2. The process of claim 1 wherein the admixture comprises 10 wt % to 30 wt % water.
3. The process of claim 1 wherein the water is in the form of liquid water or steam.
4. The process of claim 1 wherein the admixture is a residual oil feedstock--liquid water emulsion.
5. The process of claim 1 wherein the admixture is a residual oil feedstock--steam foam.
6. A delayed coking process for the conversion of a residual oil feedstock comprising carbon residue to produce coke, hydrocarbon liquid and gas; the process comprising the steps of:
a. measuring an amount of carbon residue in the residual oil feedstock according to ASTM D-4530 to produce a measurement,
b. admixing with the residual oil feedstock: water in an amount of 3 wt % to 30 wt % and a hydrogen donor liquid in an amount of 0.01 wt % to 33 wt % to produce an admixture,
c. subjecting the admixture to delayed coking reaction conditions;
thereby yielding coke in an amount of less than 1.6 times the measurement of carbon residue.

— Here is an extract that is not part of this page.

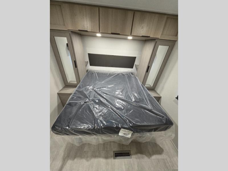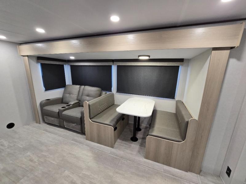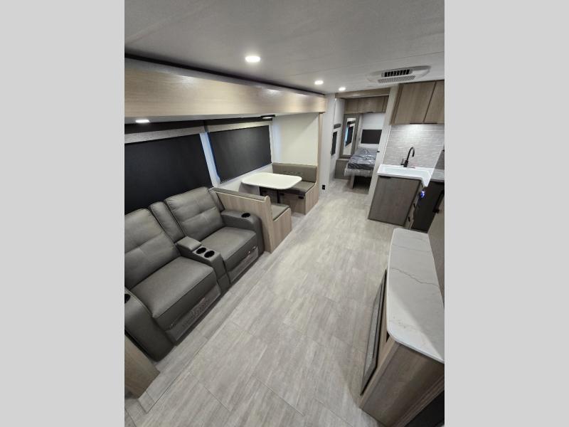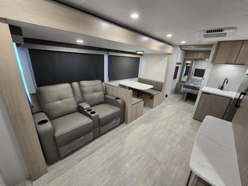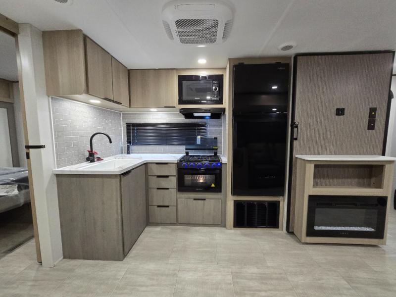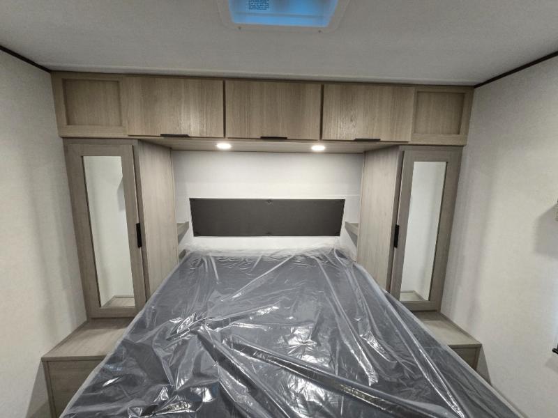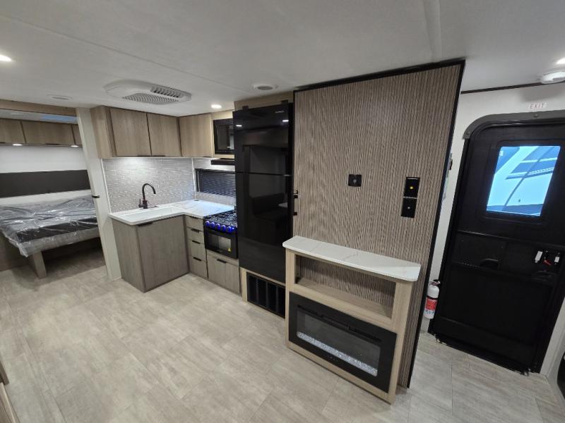 A full rear bath on board this cozy travel trailer will add privacy and convenience you won't want to camp without. The large slide out in the main living area will provide plenty of space to let the chef whip up breakfast on the cooktop, and your crew can get comfy on the theater seats. The 10 cu. ft. 12V refrigerator will allow you to pack your favorite cold ingredients, plus there is a hidden pantry behind the hinged entertainment center for smart storage spaces. This model also includes a front private bedroom with a queen bed, just like at home!

7. The process of claim 6 wherein the admixture comprises 10 wt % to 30 wt % water.
8. The process of claim 6 wherein the admixture comprises 10 wt % to 30 wt % water and 0.1 wt % to 15 wt % hydrogen donor liquid.
9. The process of claim 6 wherein the hydrogen donor liquid is in an amount of 0.1 to 0.5 of the amount of water.

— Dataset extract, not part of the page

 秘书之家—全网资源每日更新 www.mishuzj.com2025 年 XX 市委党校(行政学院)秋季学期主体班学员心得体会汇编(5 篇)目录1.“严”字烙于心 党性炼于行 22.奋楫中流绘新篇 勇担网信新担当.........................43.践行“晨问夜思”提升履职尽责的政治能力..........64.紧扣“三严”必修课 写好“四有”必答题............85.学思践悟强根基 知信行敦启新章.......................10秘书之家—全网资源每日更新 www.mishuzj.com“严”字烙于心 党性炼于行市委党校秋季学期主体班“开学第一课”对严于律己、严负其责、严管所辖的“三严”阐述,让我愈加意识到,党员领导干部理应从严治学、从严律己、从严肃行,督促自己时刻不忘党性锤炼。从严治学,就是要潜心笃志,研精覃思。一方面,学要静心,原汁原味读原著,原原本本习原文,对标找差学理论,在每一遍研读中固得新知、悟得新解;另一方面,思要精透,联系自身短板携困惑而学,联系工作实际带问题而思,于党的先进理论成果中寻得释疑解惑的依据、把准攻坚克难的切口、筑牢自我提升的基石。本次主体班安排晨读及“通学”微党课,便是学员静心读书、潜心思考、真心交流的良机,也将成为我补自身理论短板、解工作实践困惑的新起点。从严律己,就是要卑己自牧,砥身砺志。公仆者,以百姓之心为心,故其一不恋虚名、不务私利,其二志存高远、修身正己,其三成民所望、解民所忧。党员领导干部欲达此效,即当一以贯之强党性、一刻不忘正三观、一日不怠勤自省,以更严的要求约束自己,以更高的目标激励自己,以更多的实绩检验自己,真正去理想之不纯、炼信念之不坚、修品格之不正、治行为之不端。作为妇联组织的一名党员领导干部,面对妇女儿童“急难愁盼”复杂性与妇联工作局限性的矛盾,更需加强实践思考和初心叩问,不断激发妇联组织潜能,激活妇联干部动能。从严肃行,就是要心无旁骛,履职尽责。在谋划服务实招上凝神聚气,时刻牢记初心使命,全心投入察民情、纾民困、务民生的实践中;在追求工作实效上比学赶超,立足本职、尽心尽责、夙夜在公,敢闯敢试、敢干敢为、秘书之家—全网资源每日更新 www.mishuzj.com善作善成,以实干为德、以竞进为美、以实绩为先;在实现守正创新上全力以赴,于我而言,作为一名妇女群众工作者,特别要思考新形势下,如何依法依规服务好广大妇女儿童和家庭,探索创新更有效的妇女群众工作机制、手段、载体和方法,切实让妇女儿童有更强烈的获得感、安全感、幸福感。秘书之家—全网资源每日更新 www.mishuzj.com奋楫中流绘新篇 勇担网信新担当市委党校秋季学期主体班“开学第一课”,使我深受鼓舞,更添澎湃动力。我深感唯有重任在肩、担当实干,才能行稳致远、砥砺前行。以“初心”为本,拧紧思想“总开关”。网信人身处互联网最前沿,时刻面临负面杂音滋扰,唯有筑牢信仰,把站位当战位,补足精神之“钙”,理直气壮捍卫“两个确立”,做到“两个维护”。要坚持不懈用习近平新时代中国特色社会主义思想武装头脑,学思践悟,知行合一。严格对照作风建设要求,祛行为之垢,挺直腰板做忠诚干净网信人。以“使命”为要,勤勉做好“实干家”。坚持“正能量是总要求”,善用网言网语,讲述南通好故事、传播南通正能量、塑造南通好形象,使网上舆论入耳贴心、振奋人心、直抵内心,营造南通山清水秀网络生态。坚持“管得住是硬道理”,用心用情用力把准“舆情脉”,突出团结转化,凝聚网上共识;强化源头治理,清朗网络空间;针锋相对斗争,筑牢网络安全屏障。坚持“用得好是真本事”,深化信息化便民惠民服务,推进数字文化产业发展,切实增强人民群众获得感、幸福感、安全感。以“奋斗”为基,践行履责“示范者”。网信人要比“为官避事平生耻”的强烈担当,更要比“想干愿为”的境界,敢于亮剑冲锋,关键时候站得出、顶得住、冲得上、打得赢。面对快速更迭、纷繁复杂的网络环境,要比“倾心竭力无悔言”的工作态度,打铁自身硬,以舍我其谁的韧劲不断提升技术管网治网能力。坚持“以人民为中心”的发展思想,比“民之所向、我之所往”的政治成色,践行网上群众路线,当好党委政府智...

10. The process of claim 6 wherein the water is in the steam state and the hydrogen donor liquid is in an amount of 0.1 to 0.5 by weight of the amount of steam.
11. The process of claim 6 wherein the hydrogen donor liquid is gas oil.

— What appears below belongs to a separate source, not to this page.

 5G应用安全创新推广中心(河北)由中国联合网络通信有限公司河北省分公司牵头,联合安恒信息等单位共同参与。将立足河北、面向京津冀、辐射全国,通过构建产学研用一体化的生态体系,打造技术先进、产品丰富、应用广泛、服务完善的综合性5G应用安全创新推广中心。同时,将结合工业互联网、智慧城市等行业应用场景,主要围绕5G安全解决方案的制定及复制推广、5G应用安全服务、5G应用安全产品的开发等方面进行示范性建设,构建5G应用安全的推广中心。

12. A delayed coking process for the conversion of a residual oil feedstock comprising carbon residue to produce coke, hydrocarbon liquid and gas; the process comprising the steps of:
a. measuring an amount of carbon residue in the residual oil feedstock according to ASTM D-4530 and measuring an amount of residual oil feedstock,
b. admixing with the residual oil feedstock, water in the amount of 10 wt % to 30 wt % to produce an admixture,
c. subjecting the admixture to delayed coking reaction conditions;
thereby yielding coke in an amount less than 1.6 times the amount of carbon residue in the residual oil feedstock and gas in an amount less than 10 wt % of the amount of residual oil feedstock.
13. The process of claim 12 wherein the water is in the form of liquid water or steam.
14. The process of claim 12 wherein the admixture is a residual oil feedstock--liquid water emulsion.
15. The process of claim 12 wherein the admixture is a residual oil feedstock--steam foam.
16. A delayed coking process for the conversion of a residual oil feedstock comprising carbon residue to produce coke, hydrocarbon liquid and gas, the process comprising the steps of:
a. measuring an amount of carbon residue in the residual oil feedstock according to ASTM D-4530 and measuring an amount of residual oil feedstock,
b. admixing with the residual oil feedstock: water in an amount of 10 wt % to 70 wt % and a hydrogen donor gas selected from the group consisting of hydrogen, methane, carbon monoxide, synthesis gas and mixtures thereof in an amount of 0.01 wt % to 1 wt % to produce an admixture,
subjecting the admixture to delayed coking reaction conditions;
thereby yielding coke in an amount of less than 1.6 times the amount of carbon residue in the residual oil feedstock and gas in an amount less than 10 wt % of the amount of residual oil feedstock.
17. The process of claim 16 wherein the water is in the form of liquid water or steam.
18. The process of claim 16 wherein the admixture is a residual oil feedstock--steam foam.
19. The process of claim 16 wherein the admixture is a residual oil feedstock--liquid water emulsion.
20. The process of claim 16 wherein the hydrogen donor gas is methane.
21. The process of claim 16 wherein the hydrogen donor gas is hydrogen.
22. The process of claim 16 wherein the hydrogen donor gas is synthesis gas.